Making the usual claim that the present human species evolved in Africa 200,000 years ago, the archaeological team draws its conclusions based on spearheads excavated from a South African cave called Hollow Rock Shelter. Those artifacts date from only 80,000 years ago, by their reckoning. They say that these spearheads show an advancing level of technology requiring step by step processes.
The archaeologists do not believe that any single person or even any single generation could have developed this level of technological advancement. “When the technology was passed from one generation to the next, from adults to children, it became part of a cultural learning process which created a socially more advanced society than before. This affected the development of the human brain and cognitive ability”, says Dr. Anders Högberg.
The usual list of unverifiable assumptions (common ancestry, molecular clock, and evolutionary timetable) which are explored in Feedback: “The Search for the Historical Adam” and Population Genomics form the background for this study. The original article13 does cite other studies showing that the process of learning causes more complete expression of genes, enabling an individual to reach his potential. But some of the biases expressed have implications that make us shudder.
First of all, the authors assume that a low-tech society consists of people who are mentally inferior. Then they assume that such mentally inferior individuals could not possibly figure out how to think abstractly. Problem-solving abilities would require a gargantuan multigenerational society-wide effort.
The media release implies that working hard to think more effectively over time will somehow cause parents to develop some smart genes to pass onto the offspring, facilitating brain evolution. We would concede that the authors did not mean that. The original article states, “By changing the social environment, each generation changes the brains of the next.” In other words, the smarter people would survive to reproduce and produce a smarter population.

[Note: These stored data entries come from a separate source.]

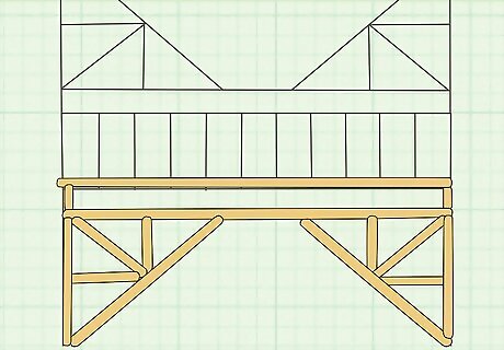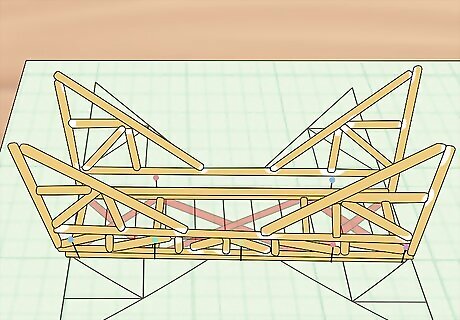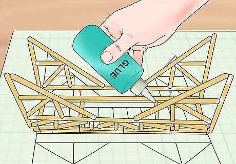 Add your lateral bracing. The lateral bracings of the bridge are the cross sections, often forming “X”s, on top of the trusses. While your bridge is still supported by pins around its sides, glue on your lateral braces. If you need to, you can use clothespins as tiny clamps. Again, let your bridge dry for as long as possible.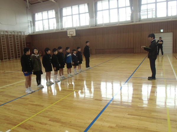 毎日の給食時間前に各クラスから代表者1名が体育館に集まり練習しています。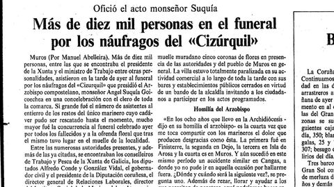 Tal día como hoy, mientras continuaban las tareas de búsqueda de los cuerpos de los otros siete marineros, que se encontraban en el interior del barco en el momento del naufragio, se celebraba una misa en Muros, a la que asistían el entonces presidente de la Xunta, Gerardo Fernández Albor, y el ministro de Trabajo, Santiago Fernández Miranda, entre otras muchas autoridades y vecinos llegados de diferentes puntos de la comarca. Los actos en memoria de los marineros fallecidos culminaban con una ofrenda floral en el muelle de la localidad.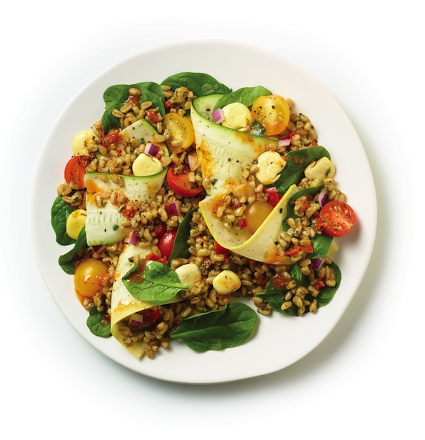 A Zoës kitchen vegetarian specialty, you can re-create this robust salad at home, too. First, make a “Pesto Farro” by boiling farro until al dente; then combine with chopped roasted tomatoes, basil pesto, lemon juice and extra virgin olive oil.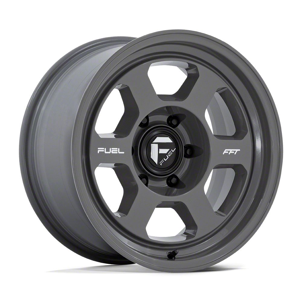 Fuel Wheels Hype Battleship Gray 6-Lug Wheel; 17x8.5; 10mm Offset offers a striking balance between style and durability. The design speaks to the brand's commitment to quality, enhancing the vehicle's appearance with its distinct look. This wheel, with its unique aesthetics, is ideal for drivers who appreciate a blend of modern design and robust functionality.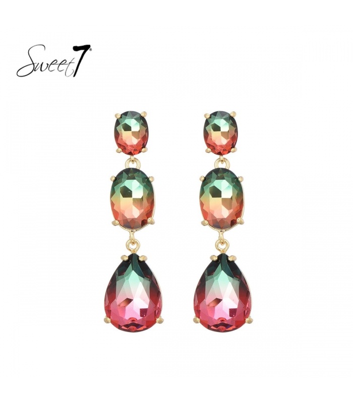 Schitterende collectie gekleurde oorhangers, verrijkt met fonkelende glas steentjes die elke outfit doen stralen. Deze oorbellen zijn het perfecte accessoire voor elke gelegenheid, van dagelijkse elegantie tot avondglamour. Ze brengen een vleugje luxe en verfijning, zonder de bank te breken.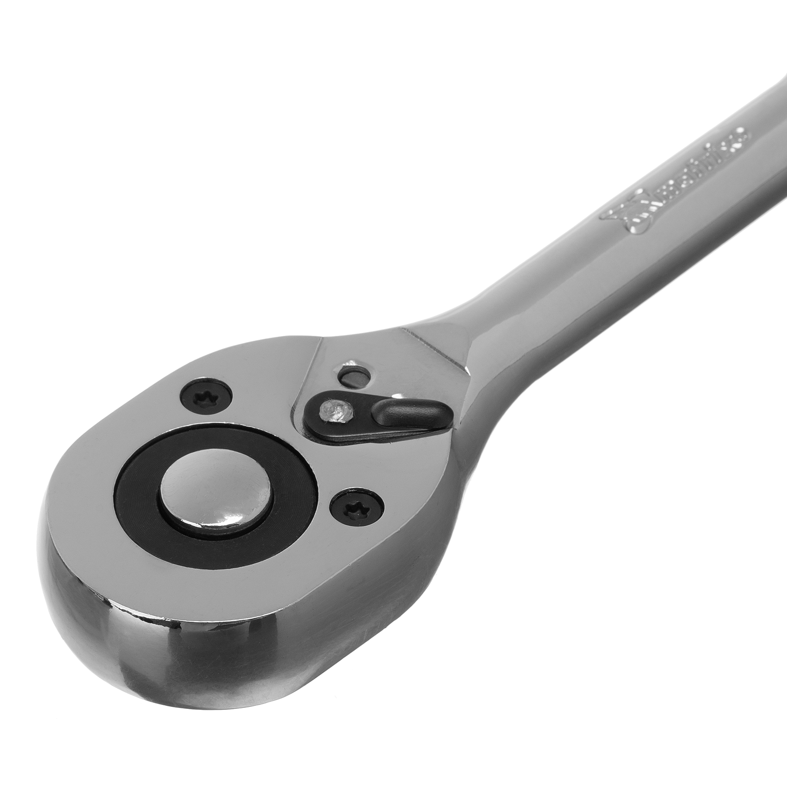 Хромированный ключ-трещотка Matrix 14015 с переключателем, из стали CrV, с присоединительным размером 1/2"", — ручной инструмент для монтажа и демонтажа резьбовых соединений. Совместим с торцевыми головками, имеющими посадочное гнездо соответствующего размера. Храповой механизм облегчает работу в труднодоступных местах. Инструмент применяется для ремонта техники, автомобилей, также используется в быту.ПреимуществаПрочность и устойчивость к нагрузкам — ключ выполнен из высококачественной хромованадиевой стали.Защита от разрушения — хромированная поверхность устойчива к образованию коррозии.Надежная фиксация торцевой головки — инструмент оснащен металлическим шариковым фиксатором.Реверс — можно менять направление вращения для быстрого переключения между задачами.Функция быстрого сброса — замена насадки занимает несколько секунд.Комфортная работа — рукоятка с рельефной поверхностью не выскальзывает из рук.

The cultural bias present in this article is disturbing. People in low-tech societies may choose to live a simpler life, have limited time to figure out technological advancements, or have a society in which division of labor and specialization of skills is impractical. Furthermore, individuals today are able to develop problem-solving skills. Why should we assume that the same abstract thinking was out of reach for earlier humans? To be blunt, having a lack of technology does not mean that individuals are mentally deficient.
The Bible provides an eyewitness account of early man. Adam possessed the linguistic ability to name the animals and commune with the Lord God. Adam’s son Cain built a city. And just a few generations later we learn the names of pioneers in animal husbandry, metallurgy, and music. Early man was not backwards. He was created in the image of God with a full set of mental faculties and the ability to learn.